Input: directive_dir + expected_sessions (target-wave scoped) Logic: _preflight_errors() → _autofix_directives() → _dispatch_repair_directive() (one retry) Output: PASS or fail-closed after retry

Eliminates: VP self-merge (Pattern A) — every directive lands with MERGE GATE block; VPs no longer default-merge at end of session

Phase 1 — Ownership Check✅ codified

Hard-fail if two parallel sessions claim the same files.

Logic: validate_ownership_overlap() if fail → _dispatch_repair_directive() + one retry Output: PASS or RuntimeError("Ownership gate failed after repair retry")

Eliminates: merge-conflict-by-design — overlapping file ownership is a precondition error, caught before dispatch

Phase 2 — Tap #1 (Pre-launch approval)✅ codified

Typed human approval state machine before dispatch.

Input: marker files (.approved/.rejected/.hold/.expired) OR manifest.db decision events Logic: _poll_tap_decision() → sensor_tap_prelaunch() States: approved → proceed; pending → poll; rejected/hold/expired → hard-fail with terminal decision

Why typed states: previously approval timeout silently degraded to "go anyway" — now terminal non-approval blocks dispatch

Phase 3 — Worktree Gate + Dispatch✅ codified

Verify worktrees exist + branch alignment before launching any session.

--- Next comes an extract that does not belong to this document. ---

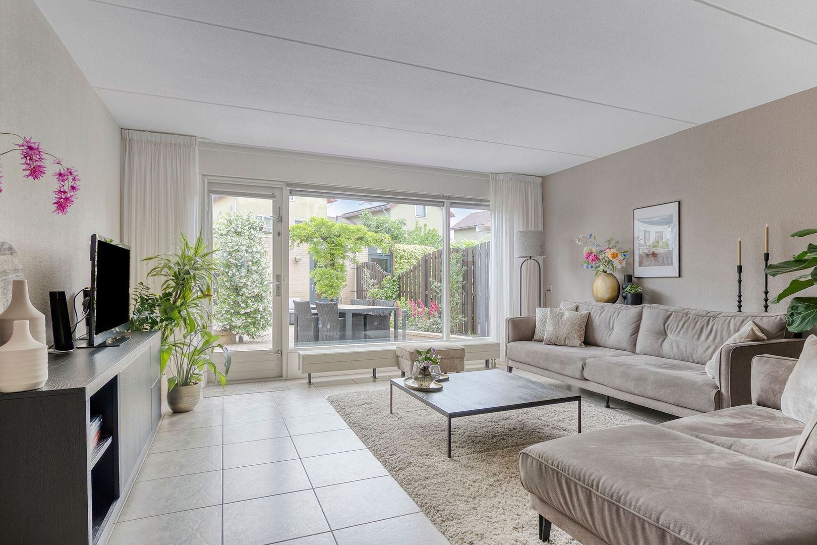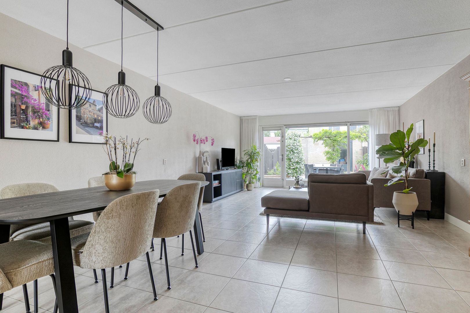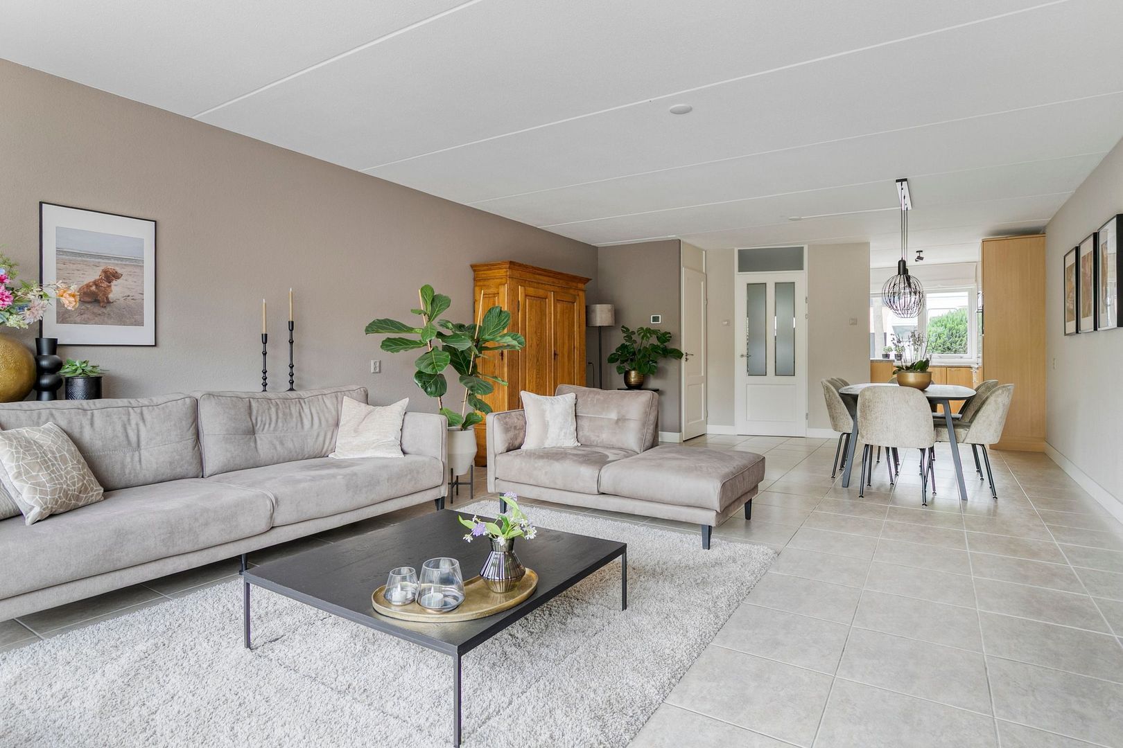 De ruime woonkamer aan de achterzijde van de woning heeft door het grote raam veel lichtinval. Via de achterdeur kom je in de achtertuin.

Logic: worktree_gate() — verify path exists + git worktree list maps path → expected branch launch_wave_sessions() — dispatch_directive(...) per session, persist manifest after each success Output: per-session status=launched OR first-failure halts remainder (no partial-launch desync)

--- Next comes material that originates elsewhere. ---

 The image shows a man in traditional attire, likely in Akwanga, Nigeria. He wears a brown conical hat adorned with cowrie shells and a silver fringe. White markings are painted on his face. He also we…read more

Eliminates: worktree gate skipped (Pattern C) — sessions can't accidentally commit to main because the gate verifies branch isolation BEFORE any agent starts

Phase 4 — Execute & Monitor✅ codified

Wait for handoffs with freshness validation; never accept stale state as "ready."

Logic: sensor_wait_wave_sessions() - require non-empty selected sessions - handoff_exists_strict(...) - freshness check vs session_start validate_session_outputs() — same freshness check before commit readiness Output: fresh + complete → advance | stale/empty → block (never false-ready)

Eliminates: teardown skip (Pattern D) — Phase 5 sensor blocks until /end-session per session lands a fresh handoff

Phase 5–6 — Orchestrator Merge🟡 partial

Spawn a separate orchestrator session to execute merges. Coordinator never runs git itself.

Logic: merge orchestrator dispatched as autonomous session - generates orchestrator directive from template - runs merge_branches.sh with conflict detection + rollback Why this is the most important phase: the COORDINATOR (this DAG) has no git access. The ORCHESTRATOR (a separate cmux session) does. Separation is mechanical, not by convention.

Eliminates: coordinator merges directly (Pattern B) — DAG tasks have no shell access to git

The 7 failure patterns this DAG eliminated

Source: forensic analysis of 38 wave-run handoffs across 9 sprints (Apr 11–20, 2026).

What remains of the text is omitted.